The sample code are as follow:

class A
{
public:
    int k;
    virtual int f();
};
class B:public virtual  A
{
public:
    virtual int a();
};
int main()
{
    cout<<sizeof(A)<<sizeof(B);
}

It prints

8 12

It seems class B has its own new virtual function table.

If class A changes to:

class A
{
public:
    virtual int f();
};

It prints

4 4

Could anyone explain the reason?

Letterperfect answered 27/8, 2014 at 8:59 Comment(7)
If the base is stateless, then you don't actually ever need to locate the base subobject, so you need less information in the derived class.Chimborazo
@KerrekSB make that an answer ;)Icarus
@KerrekSB Do you mean that it is the compiler that do a optimization for the derived class to make it simple?Letterperfect
@KerrekSB, That doesn't seem so obvious. If we have C which also inherit virtualy from A and D which inherit from B and C. Casting a D to B and then A has to have to same pointer as casting the D to C and then A, even if A has no state.Koralie
You are looking at the object size, not the v-table size. sizeof(A) = v-table pointer + k, sizeof(B) = v-table pointer of A + v-table pointer of B + k. Which can be optimized in the 2nd snippet since virtual inheritance no longer matters.Tempe
With VS2012 I get different results: 8 16 with k and 4 12 without. Optimization was '/O2' (max speed). '/O1' (min size) leads to the same results. Together with Hans' comment this makes even sense to me.Marriott
Related to virtual-tables-and-memory-layout-in-multiple-virtual-inheritanceKikuyu
B
1

In your subclass B, B is a virtual subclass of A. Thus, B has a separate vtbl pointer (4 bytes) on top of what you have on subobject A. Thus, 

sizeof(B object) 
= sizeof(A object) + sizeof (vtbl pointer of B)
= sizeof(int) + sizeof (vtbl pointer of A) + sizeof (vtbl pointer of B)
= 4 + 4 + 4
= 12

And, 

sizeof(A object)
= sizeof(int) + sizeof (vtbl pointer of A)
= 4 + 4
= 8

If B is a normal subclass of A,

 sizeof(B object) 
    = sizeof(A object) 
    = sizeof(int) + sizeof (vtbl pointer of A) 
    = 4 + 4
    = 12

For empty class A, minimum size allocated for sizeof A object is sizeof pointer of vtbl = 4 And since A is empty in terms of instance data, virtual inheritance for empty class does not add to size of the object

Bargeman answered 27/8, 2014 at 9:29 Comment(0)
C
0

In the context of class inheritance, "virtual" means "determined at runtime". There are two separate things that can be virtual, and that an implementation must implement somehow:

  • virtual functions, for which the actual function that is to be called has to be determined at runtime: x.f()who is f? Common implementations involve tables of function pointers.

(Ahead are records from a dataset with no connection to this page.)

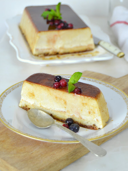 Pues, por si todo esto no fuera poco, además le hemos preparado sin cuajada. La habíamos visto en varios blogs usando cuajada para prepararla pero nosotros hemos preferido usar gelatina ya que es mucho más sencilla de hacer ¡Y el resultado es espectacular! Una tarta a mitad de camino entre el flan de toda la vida y la tarta de queso con el toque super rico de los sobaos de la base ¡Tenéis que probarla!
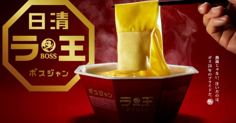日清拉王系列产品和三得利的Boss咖啡是同年推出的,于是二者25周年庆的时候,他们一拍即合,联合推出了一款——泡面外套。
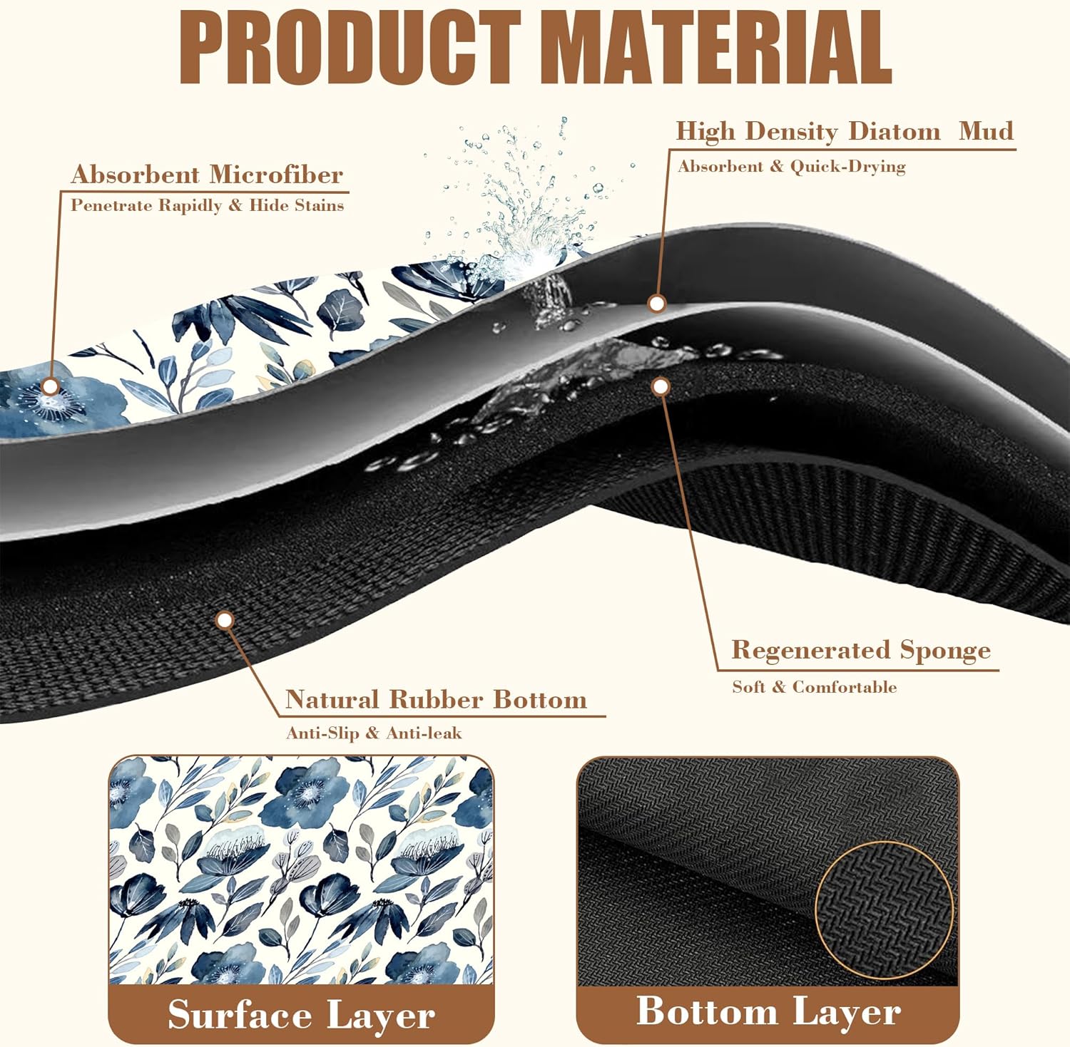 Blue Flowers Dish Drying Mat for Kitchen Counter Coffee Mat Hide Stain Absorbent Dish Drainer Rack Pad with Non-Slip Rubber Backed Espresso Machine Coffee Bar Accessories 11.8 x 19.7 Inch
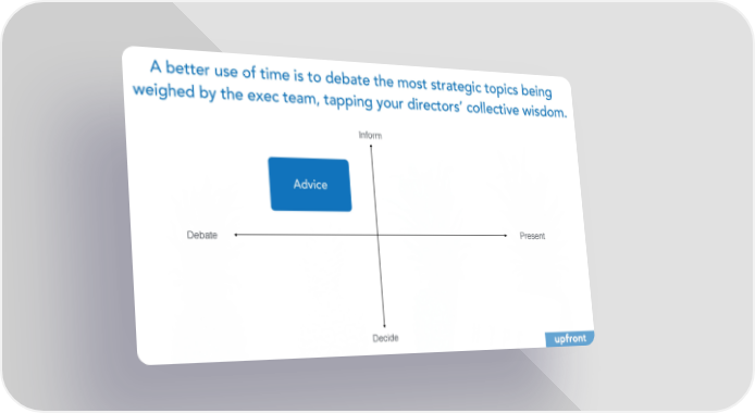 A better use of time is to debate the most strategic topics being weighed by the exec team, tapping your directors’ collective wisdom. Inform Advice Debate Present Decide
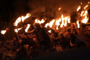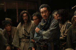 ひそかに倒幕と世直しを計る、大泉洋演じる主人公・蓮田兵衛が、鋭い眼光で何かを見据えるカットや、そんな兵衛が堤真一演じる悪友であり敵である、骨皮道賢と手に汗握る鍔(つば)迫り合いを繰り広げる様子など印象的な場面が公開されたほか、兵衛と出会ったことをきっかけに修行に励み“無敵の棒術”を身に付けた長尾謙杜演じる才蔵が、六尺棒を構えるアクションシーンの一幕、志一つに松明を手に駆ける一揆の民衆、そして、仲間たちを従えた兵衛が睨みつけながら両手に刀を握る場面など、迫力満点の場面写真となっている。

  • virtual inheritance, in which the virtual base subobject is not known until runtime. The implementation must provide a mechanism for locating the actual base object: x.a = 10where is a? Common implementations for this involve pointer offset computations.

If a virtual base class has no state (this is similar, but not equivalent, to "is empty"), then the second use case becomes vacuous. Since there are no data members whose location must be determined dynamically, the implementation doesn't need to generate any information for doing this, nor do objects need to store the relevant references.

One popular C++ ABI, the Itanium ABI, describes in detail how virtuality is implemented. There is also this popular article explaining this implementation.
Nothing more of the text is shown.